So we need DCMA 2.0?
I would take a raincheck on that. DCMA 1.0 as for as I can see has only benefited large US corporations while making large inroads into the Public Domain, even challenging the validity of the concept itself.
I could see from a lot of ill considered and rash ideas from those affected (creators, copyright owners) being shanghaied by the "perpetrators" to produce a model where everything has a copyright (IP) owner or a deemed owner which effectively extinguishes the "Public Domain."
There is a fundamental conceptual problem here. If I were to consult the vast online open access resources available for programming or network technology, I would have internalized that (often copyrighted) content and I then might proceed to obtaining paid employment using that knowledge - this is considered fair dealing. [In my case the dead tree network was my source of this information but the principles are not too dissimilar.]
The conceptual problem I see is: how is my reading and internalizing a web page manifestly different from a LLM being trained with the same page? In neither case are the page's contents reproduced or stored the LLM or my brain (I don't have an eidetic memory.) To the extent that the source content could be reproduced from within an LLM I would guess would be no more than is permitted by the far dealing provisions of the Copyright Act.

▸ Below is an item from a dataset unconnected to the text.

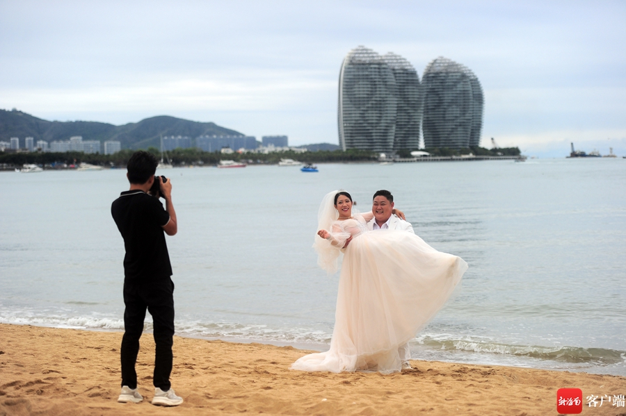 5月3日,新人在三亞灣拍攝婚紗照。記者 沙曉峰 攝

When content is published the creator, owner and publisher can (or should be able to) jointly or severally specifiy permitted access and subsequent use of the published material. Any breach or dispute should have a simple, low cost process available to the parties to obtain timely remedy (with very limited recourse to judicial appeal procedures.)
Currently I don't think there are any real sanctions available to site owners whose site has been indexed by a web crawler that ignored their Robots.txt.
That would be a breach of a publisher's permitted access and permitted use (indexing.)
The content's licence normally specifies the owner and/or creator's restrictions and permissions.
A fairly simple example I would consider is where I train a LLM on the entire Public Domain corpus of The Gutenberg Project say from an offline resource (eg their 2010 DVD.)
From my reading of Gutenberg's T&C I think I would not be in conflict with any of those provisions.
Posing rhetorical questions I would ask what moral or ethical lines will I have crossed at that point? And when I provide free, open access to my trained LLM? Finally when I place a paywall in front of my LLM?
Finally how does one legislate ethics and morality? Extant attempts are without exception cures disastrously worse than the disease.
Personally I would prefer this whole Al circus would disappear up its own arse taking its entire troupe of AI snake oil peddling clowns with it.